Left detail of the pressure evolution, illustrating the temporal resolution of the oscillations. Right influence of Rayleigh damping on the pressure evolution at cross section d2. Inclusion of Rayleigh damping prevents the simulation from unstable behavior

To test this hypothesis, Rayleigh damping was added to the structural model and the simulation using a time step size of 0.5 ms was repeated. The Rayleigh damping coefficients α and β were selected such that 1 % damping of the waves with a 1-Hz frequency (close to the frequency of the cardiac cycle) was obtained and 20 % damping for the 250-Hz waves (i.e., the frequency of the observed oscillations). These constrictions resulted in a value of 0.116 for the mass proportional damping parameter α and 0.000255 for the stiffness proportional damping β. It is demonstrated in Fig. 11 that the unstable behavior indeed disappears with the use of Rayleigh damping.

The larger pressure oscillations at the start of the simulation (t < 0.2 s) for the case with Rayleigh damping is explained by the temporal discretization schemes used at the start.
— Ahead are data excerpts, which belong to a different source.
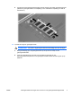 b. Pak de rand van de geheugenmodule (2) en trek de module voorzichtig uit het compartiment. (Bewaar de geheugenmodule na verwijdering in een antistatische verpakking om deze te beschermen.) 12. U plaatst als volgt een geheugenmodule: VOORZICHTIG Let op dat u de geheugenmodule niet beschadigt door deze te buigen. NLWW a. Breng de inkeping (1) in de geheugenmodule op één lijn met het nokje van het geheugenmoduleslot. b.
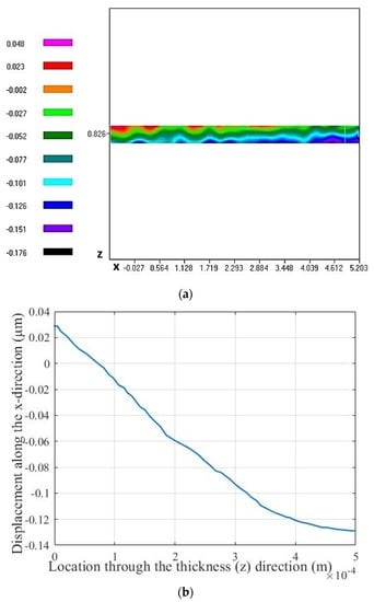 At the first step, the piezoelectric shear constant was evaluated in single and stack actuator configurations in order to obtain its original value at high applied voltages prior to integration in the composite structure. Stack design was selected for the piezoelectric stack actuator since it produces enhanced displacements that can be more accurately measured by the ESPI system depending on the number of layers and applied voltage. Since the shear-induced length (x-direction) displacements of the stack actuators at low applied voltages were not detected well by the ESPI system, measurements were performed at 199 V as the highest limiting voltage. The detected x displacements of the single, two-stack, and four-stack actuators under an applied voltage of 199 V (3.98 kV/cm) are presented in Figure 4.
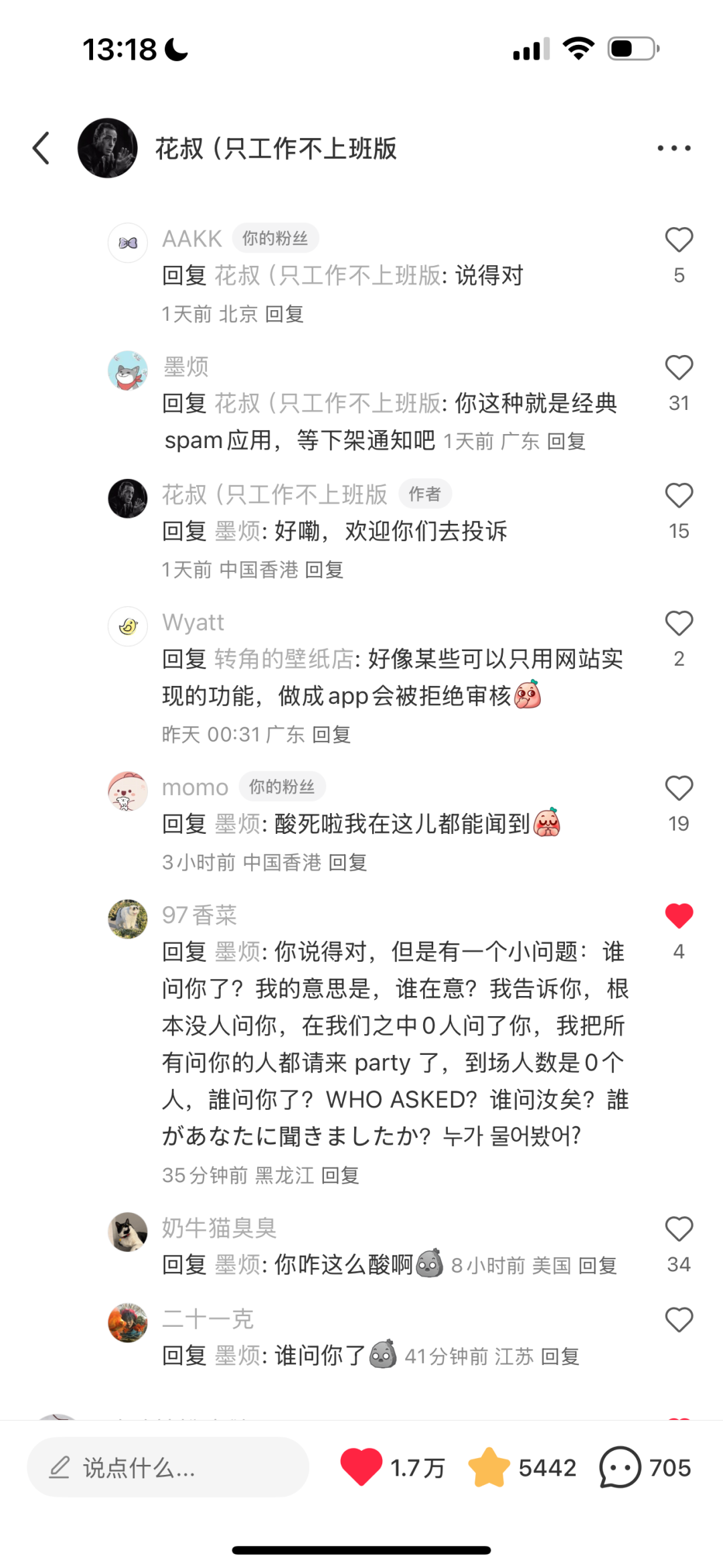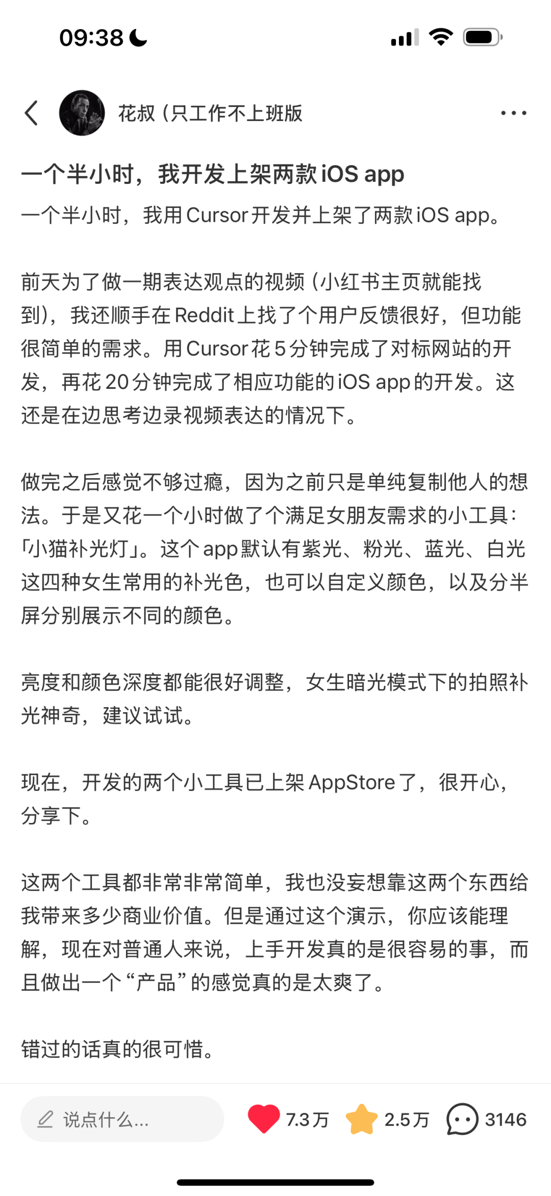 要么在否定这个app存在的价值,认为凭什么这么简单的app就能过审上线;要么在质疑我在笔记中描述的开发时间,我也能理解这对不会用AI编程的工程师来说太不可思议了。
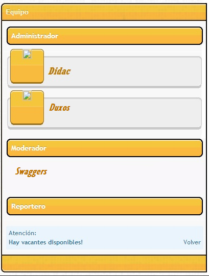 Son los que están detrás de Mabbos, todos aquellos que pasan el día estrujandose la mente en busca de nuevas ideas y sacar adelante todas esas locuras. Siempre atentos de que todo funcione sin problemas y, por encima de todo, que Mabbos sea el lugar seguro del que sentirse orgullosos. Criticados, admirados,….. siempre tratan de hacerlo lo mejor posible.
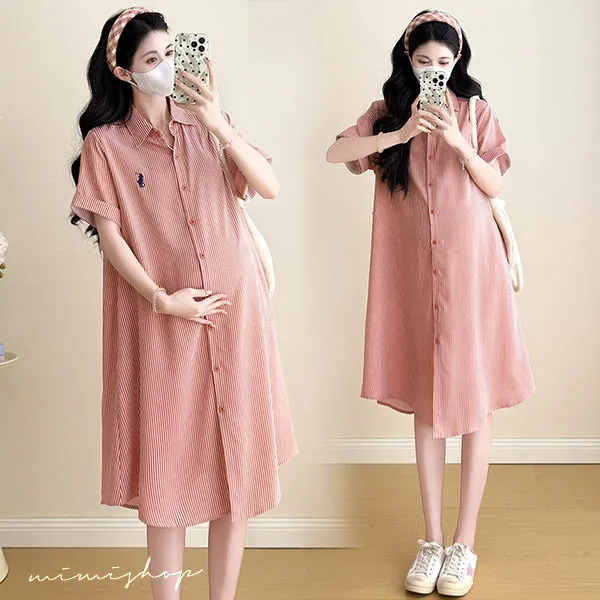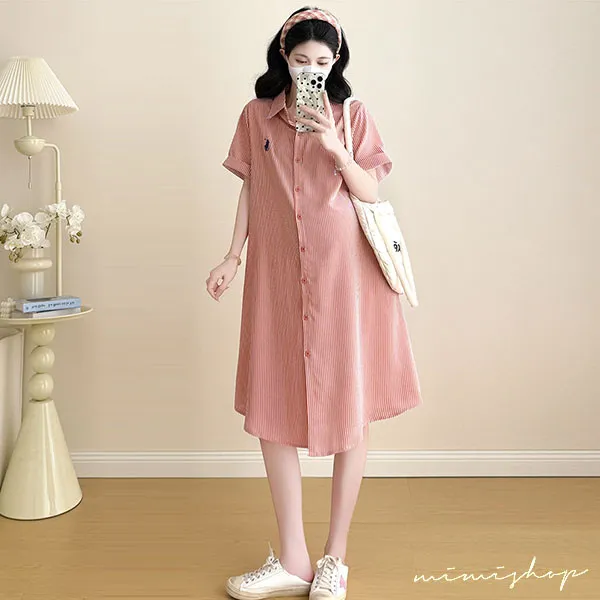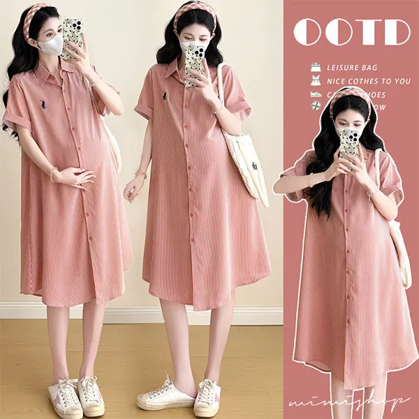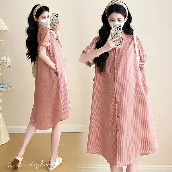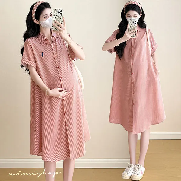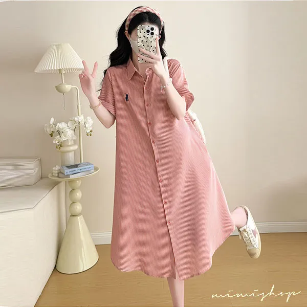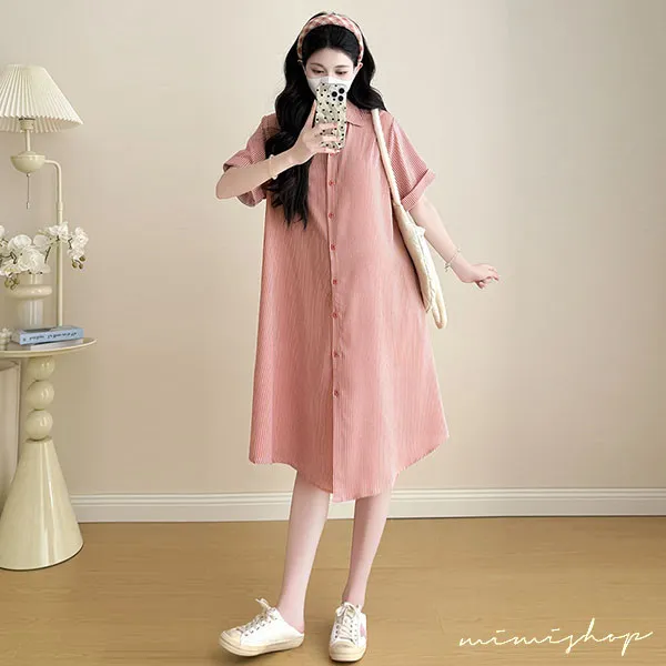 【P522360】質感日常 寬版條紋口袋襯衫裙 孕婦裙 顯瘦休閒

The simulation without damping is started with a first-order scheme, to facilitate the startup. After 0.2 s, the accuracy is improved by switching to a second-order scheme. For the case with damping, a second-order scheme can be used from the start on. In this study, a time step size of 2 ms has been used as a compromise between accuracy and computation time. The error obtained with this time step size is sufficiently smaller than the mutual differences in results.